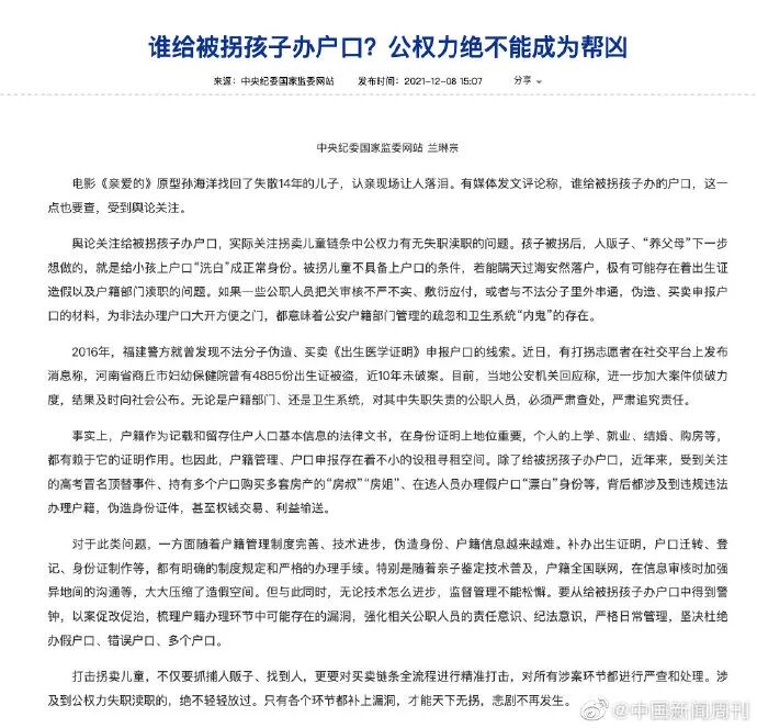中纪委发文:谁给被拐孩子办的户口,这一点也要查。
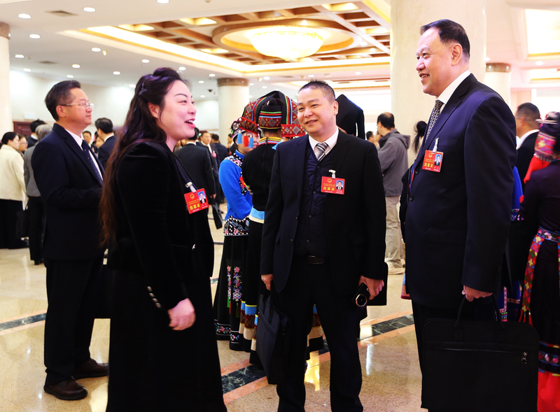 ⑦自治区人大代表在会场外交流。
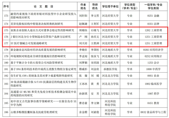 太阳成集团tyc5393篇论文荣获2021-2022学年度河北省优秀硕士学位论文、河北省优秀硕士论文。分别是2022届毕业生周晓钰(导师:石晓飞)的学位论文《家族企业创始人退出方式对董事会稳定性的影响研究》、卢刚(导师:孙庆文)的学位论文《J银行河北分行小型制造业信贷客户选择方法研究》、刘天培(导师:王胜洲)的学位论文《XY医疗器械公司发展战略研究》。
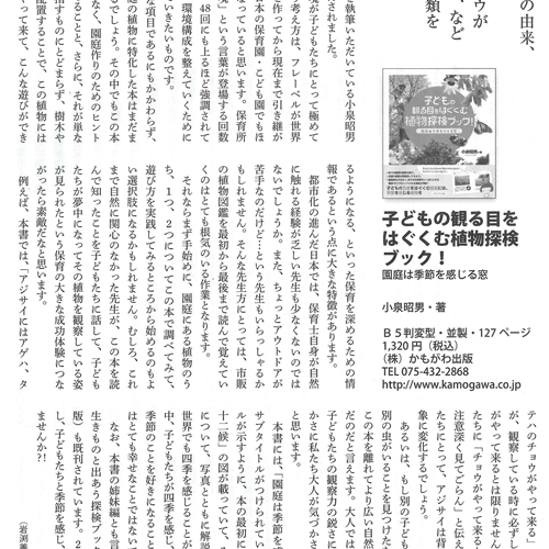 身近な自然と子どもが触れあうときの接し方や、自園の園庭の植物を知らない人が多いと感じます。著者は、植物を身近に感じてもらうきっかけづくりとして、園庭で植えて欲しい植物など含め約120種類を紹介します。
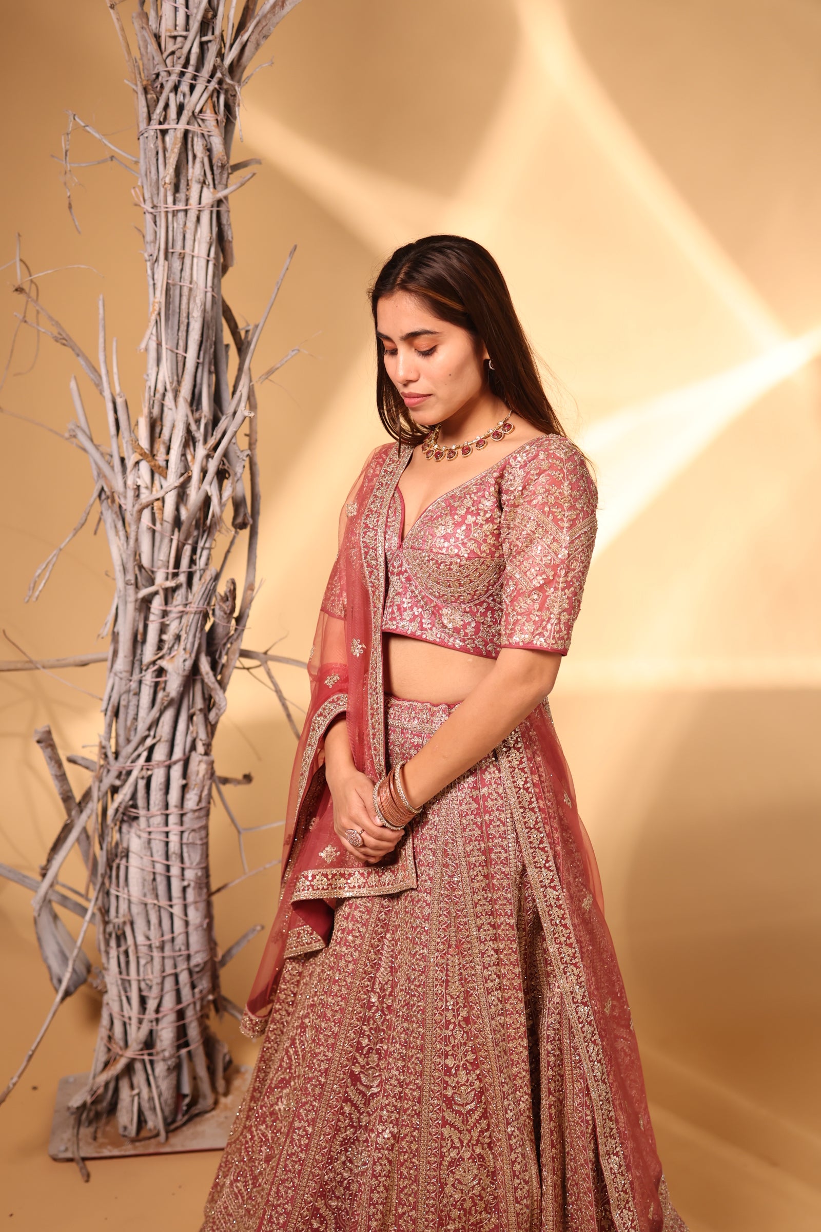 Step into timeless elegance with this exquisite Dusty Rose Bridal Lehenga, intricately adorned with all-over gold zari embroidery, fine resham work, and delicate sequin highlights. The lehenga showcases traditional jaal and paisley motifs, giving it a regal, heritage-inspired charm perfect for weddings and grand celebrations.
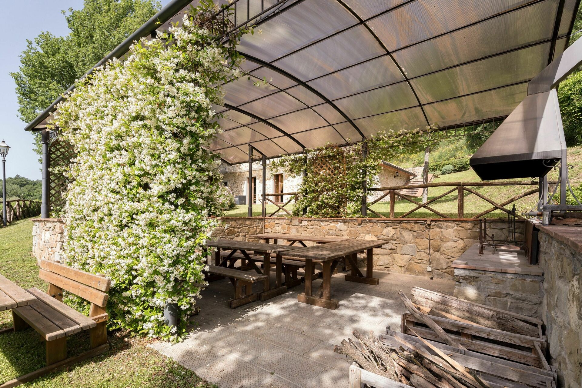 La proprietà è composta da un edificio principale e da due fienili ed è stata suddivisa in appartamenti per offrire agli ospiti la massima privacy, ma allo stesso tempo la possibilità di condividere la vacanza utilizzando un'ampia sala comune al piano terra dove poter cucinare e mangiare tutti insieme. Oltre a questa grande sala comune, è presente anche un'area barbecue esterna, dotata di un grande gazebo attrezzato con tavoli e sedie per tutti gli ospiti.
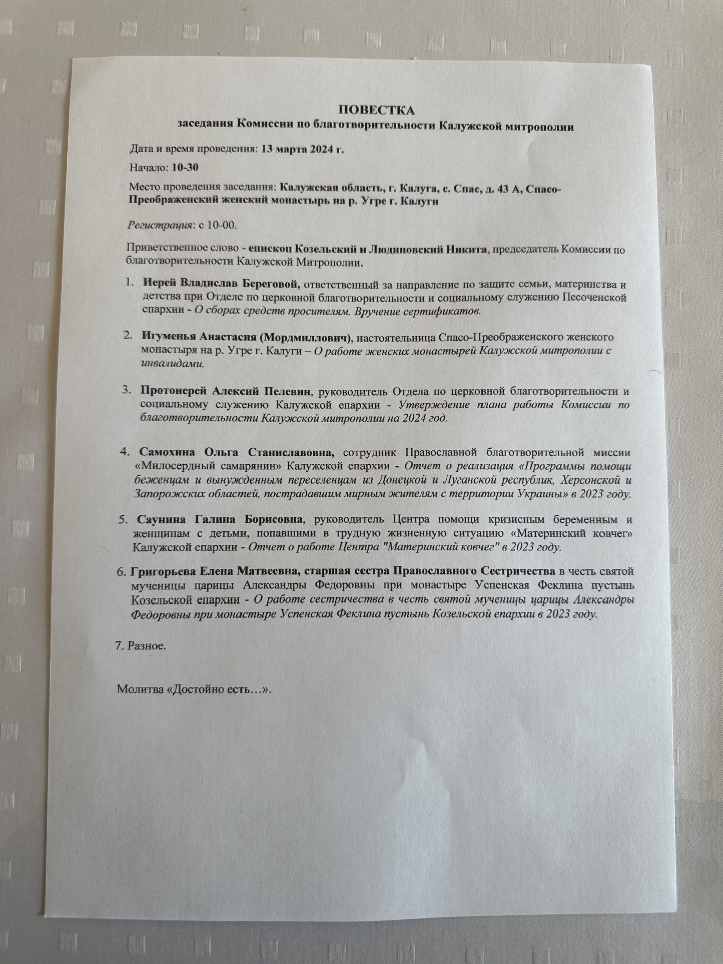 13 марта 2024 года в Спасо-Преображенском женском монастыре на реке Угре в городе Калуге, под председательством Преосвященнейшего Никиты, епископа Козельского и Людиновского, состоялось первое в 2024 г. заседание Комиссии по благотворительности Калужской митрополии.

■ Exercise
Retype the data word for word, please, and keep the images out.

■ Written solution
中纪委发文:谁给被拐孩子办的户口,这一点也要查。
 ⑦自治区人大代表在会场外交流。
 太阳成集团tyc5393篇论文荣获2021-2022学年度河北省优秀硕士学位论文、河北省优秀硕士论文。分别是2022届毕业生周晓钰(导师:石晓飞)的学位论文《家族企业创始人退出方式对董事会稳定性的影响研究》、卢刚(导师:孙庆文)的学位论文《J银行河北分行小型制造业信贷客户选择方法研究》、刘天培(导师:王胜洲)的学位论文《XY医疗器械公司发展战略研究》。
 身近な自然と子どもが触れあうときの接し方や、自園の園庭の植物を知らない人が多いと感じます。著者は、植物を身近に感じてもらうきっかけづくりとして、園庭で植えて欲しい植物など含め約120種類を紹介します。
 Step into timeless elegance with this exquisite Dusty Rose Bridal Lehenga, intricately adorned with all-over gold zari embroidery, fine resham work, and delicate sequin highlights. The lehenga showcases traditional jaal and paisley motifs, giving it a regal, heritage-inspired charm perfect for weddings and grand celebrations.
 La proprietà è composta da un edificio principale e da due fienili ed è stata suddivisa in appartamenti per offrire agli ospiti la massima privacy, ma allo stesso tempo la possibilità di condividere la vacanza utilizzando un'ampia sala comune al piano terra dove poter cucinare e mangiare tutti insieme. Oltre a questa grande sala comune, è presente anche un'area barbecue esterna, dotata di un grande gazebo attrezzato con tavoli e sedie per tutti gli ospiti.
 13 марта 2024 года в Спасо-Преображенском женском монастыре на реке Угре в городе Калуге, под председательством Преосвященнейшего Никиты, епископа Козельского и Людиновского, состоялось первое в 2024 г. заседание Комиссии по благотворительности Калужской митрополии.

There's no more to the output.